ISRN Applied Mathematics
Volume 2012, Article ID 269385, 14 pages
http://dx.doi.org/10.5402/2012/269385
Research Article

## A Gibbs Sampler for the Multidimensional Item Response Model

Section on Statistics and Measurement, Department of EPSE, Southern Illinois University Carbondale, Wham 223, MailCode 4618, Carbondale, IL 62901-4618, USA

Received 2 March 2012; Accepted 26 March 2012

Academic Editors: S. He and X. Xue

Copyright © 2012 Yanyan Sheng and Todd C. Headrick. This is an open access article distributed under the Creative Commons Attribution License, which permits unrestricted use, distribution, and reproduction in any medium, provided the original work is properly cited.

#### Abstract

Current procedures for estimating compensatory multidimensional item response theory (MIRT) models using Markov chain Monte Carlo (MCMC) techniques are inadequate in that they do not directly model the interrelationship between latent traits. This limits the implementation of the model in various applications and further prevents the development of other types of IRT models that offer advantages not realized in existing models. In view of this, an MCMC algorithm is proposed for MIRT models so that the actual latent structure is directly modeled. It is demonstrated that the algorithm performs well in modeling parameters as well as intertrait correlations and that the MIRT model can be used to explore the relative importance of a latent trait in answering each test item.

#### 1. Introduction

Item response theory (IRT) is a popular approach used for describing probabilistic relationships between correct responses on a set of test items and continuous latent traits (see [14]). IRT models have also been used in other areas of applied mathematics and statistical research. Some examples include US Supreme Court decision-making processes [5], alcohol disorder analysis [69], nicotine dependency [1012], multiple-recapture population estimation [13], psychiatric epidemiology [1416], longitudinal data analysis [17, 18], latent regression models [19, 20], and missing data analysis [21].
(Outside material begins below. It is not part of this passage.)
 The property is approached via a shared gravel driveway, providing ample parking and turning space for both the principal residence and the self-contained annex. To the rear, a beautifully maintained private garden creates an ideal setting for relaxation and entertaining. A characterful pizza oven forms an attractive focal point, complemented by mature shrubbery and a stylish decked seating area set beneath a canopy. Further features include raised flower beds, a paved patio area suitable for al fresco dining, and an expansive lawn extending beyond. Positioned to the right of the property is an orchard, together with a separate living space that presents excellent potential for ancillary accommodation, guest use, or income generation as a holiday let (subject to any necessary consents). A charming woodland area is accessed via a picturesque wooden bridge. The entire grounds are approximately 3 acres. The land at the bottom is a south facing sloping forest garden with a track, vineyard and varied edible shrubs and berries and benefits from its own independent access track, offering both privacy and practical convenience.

IRT has the advantage of allowing the inference of what the items and persons have on the responses to be modeled by distinct sets of parameters. As a result, a primary concern associated with IRT research has been on parameter estimation, which offers the basis for the theoretical advantages of IRT. Specifically, of concern are the statistical complexities that can often arise when item and person parameters are simultaneously estimated (see [1, 2224]). More recent attention has focused on fully Bayesian estimation where Markov chain Monte Carlo (MCMC) simulation techniques are used (e.g., [25, 26]). Over the past decade, MCMC has been implemented in the context of IRT models where one latent trait is assumed (e.g., [3, 2729]) as well as to models where multiple traits are considered (e.g., [3036]), for a thorough review on the historical and current developments of MCMC in terms of IRT, see [37].
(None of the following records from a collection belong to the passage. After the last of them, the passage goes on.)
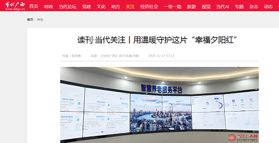 一句问候、一碗热饭、一次上门照护……见微以知萌,见端以知末。预计到2025年底,广西60岁以上老年人口将超过1000万人,占总人口比例达到20%以上。面对养老服务需求日益多元,广西持续深化养老服务改革发展,及时解决广大老年人急难愁盼,努力满足老年人多元化的养老服务需求,用温暖守护“幸福夕阳红”。
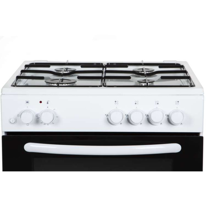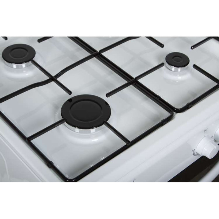 Модель виготовлена з емальованої сталі білого кольору, що робить досить універсальним рішенням для кухні. Зверху розташована газова варильна поверхня із 4 конфорками.
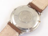 Montre-bracelet d'homme en acier, boîtier rond (Dim 35 mms environ), cadran piqué argenté à index bâton et guichet dateur, tour de bras en cuir usé, OMEGA, mouvement automatique (verre fêlé).
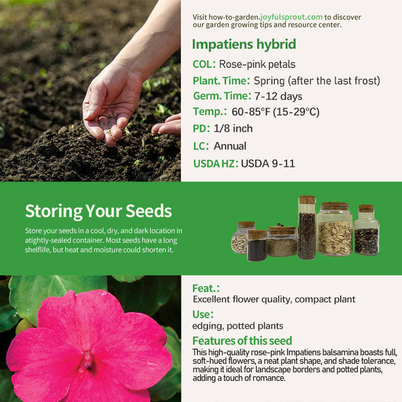 This premium Impatiens balsamina cultivar, specializing in rose-pink, features a natural gradation from light to dark pink, thick, lustrous petals, and round, full blooms resembling miniature roses. The plant grows 10-12 inches tall, with a compact, uniform shape and even branching, making it suitable for large-scale landscape arrangements. It is shade-tolerant and blooms well in the shade or in diffused light indoors, blooming throughout the warm season. Whether used as a border for a flower bed or placed in a pot on a windowsill, its romantic pink color adds an elegant touch. Its dense blooms ensure a beautiful appearance with minimal maintenance.
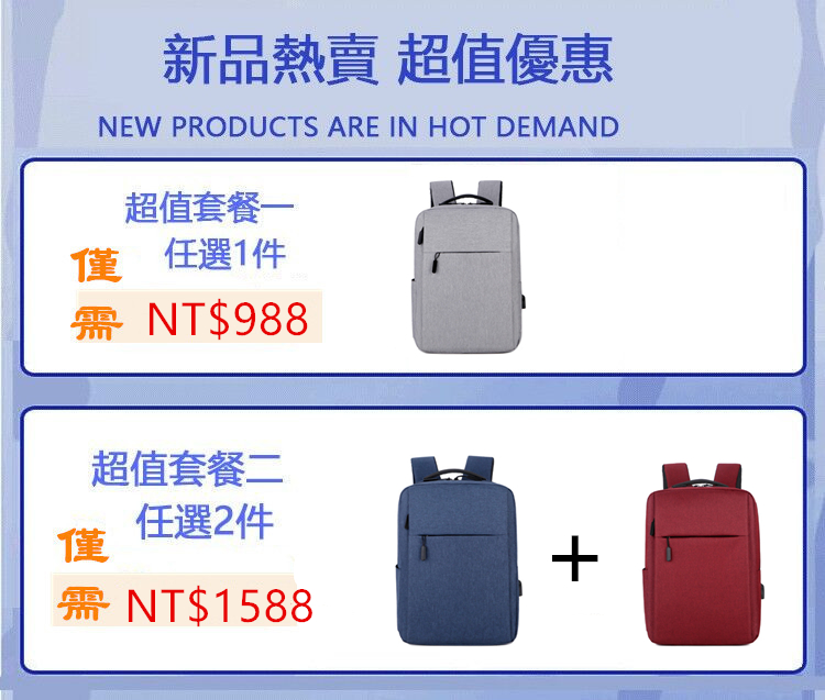 15分鐘前限時優惠 VETIS雙肩包 大容量帶USB充電口 商務電腦包 免運宅配 - 免運費3個 到手價=NT$1988

The compensatory multidimensional IRT (MIRT; [38]) model assumes that each item measures multiple latent traits. It differs from some other dichotomous models insofar as it has an additional source of model indeterminacy that creates difficulties when using MCMC. Some techniques have been developed to approach this problem by imposing a special structure that constrains the item slope parameters [30, 36, 39]. However, these approaches do not directly model the actual interrelation between the distinct latent traits and, thus, are limited in certain applications. In view of the above, the present aim is to derive an efficient MCMC algorithm via Gibbs sampling [40] that (a) obviates the additional source of model indeterminacy associated with the MIRT model and (b) directly models the underlying latent trait structure. The MIRT model considered herein is presented in normal ogive form as more complicated MCMC procedures would have to be adopted for the logistic form (e.g., [3, 28, 35, 36]). Further, given that parametric probability functions of correct responses are usually modeled by a normal ogive or a logistic function and noting that the logistic and normal ogive forms of the IRT models are essentially indistinguishable in terms of model fit or parameter estimates (given proper scaling, see [41]), MCMC procedures for logistic models are not considered.
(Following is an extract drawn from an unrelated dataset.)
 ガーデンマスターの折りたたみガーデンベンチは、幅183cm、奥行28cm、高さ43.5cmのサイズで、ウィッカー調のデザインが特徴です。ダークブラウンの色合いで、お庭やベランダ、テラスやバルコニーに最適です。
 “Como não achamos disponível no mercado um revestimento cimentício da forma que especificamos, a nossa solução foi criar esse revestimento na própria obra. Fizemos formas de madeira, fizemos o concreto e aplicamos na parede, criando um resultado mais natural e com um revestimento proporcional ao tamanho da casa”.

The remainder of this paper is organized as follows. In Section 2, the two-parameter normal ogive (2PNO) MIRT model is outlined. In Section 3, the Gibbs sampler is derived, and the prior specifications for the model parameters are described. Section 4 gives examples of implementing the Gibbs sampling algorithm in the context of simulated and real data to demonstrate the proposed methodology.

#### 2. Preliminaries

The MIRT model is introduced by considering a test that consists of dichotomous items with each measuring latent traits. Let denote a matrix of responses to the items where () if the th person answers the th item correctly (incorrectly) for and .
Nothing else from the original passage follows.